Page MenuHomePhabricator

Rework rup collation in IcuCollation.php
Open, Needs TriagePublic

Description

The 'rup' first letters in IcuCollation.php seem to be a combination of the Romanian collation with some additional characters. While rup has not been "officially" standardized, there has been some self-standardisation as described here, which is totally different from what we have.

This needs to be investigated both with the community and external sources.

Event Timeline

Note that we have a Wikipedia in this language, but it's under 'roa-rup' (https://roa-rup.wikipedia.org/) for historical reasons; see T17988: Rename 'roa-rup' wikis to 'rup'.

Interestingly, there's some kind of "script switcher" at the top there, letting the reader choose between [ ăâ/ḑ/ľ/ń/ș/ț ], [ ăâ/dz/l'/n'/ș/ț ] and [ ã/dz/lj/nj/sh/ts ].

The "Ş", "Ţ" in our collation instead of "Ș", "Ț" are certainly wrong (based on the relation to Romanian and a quick look at that wiki), so let's fix that part.

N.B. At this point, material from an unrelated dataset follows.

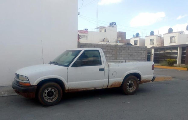 Derivado de los recorridos de vigilancia y disuasión, al encontrarse sobre la avenida principal del fraccionamiento antes referido, los uniformados metropolitanos detectaron en el cruce de la calle Dalias, cerca del Mini Súper, en aparente abandono, una camioneta Chevrolet S 10, color blanco y placas de circulación del estado de Zacatecas.

Change 366316 had a related patch set uploaded (by Bartosz Dziewoński; owner: Bartosz Dziewoński):
[mediawiki/core@master] IcuCollation: Fix diacritic characters for Aromanian (rup) and Moldovan (mo) headings

https://gerrit.wikimedia.org/r/366316

Change 366316 merged by jenkins-bot:
[mediawiki/core@master] IcuCollation: Fix diacritic characters for Aromanian (rup) and Moldovan (mo) headings

https://gerrit.wikimedia.org/r/366316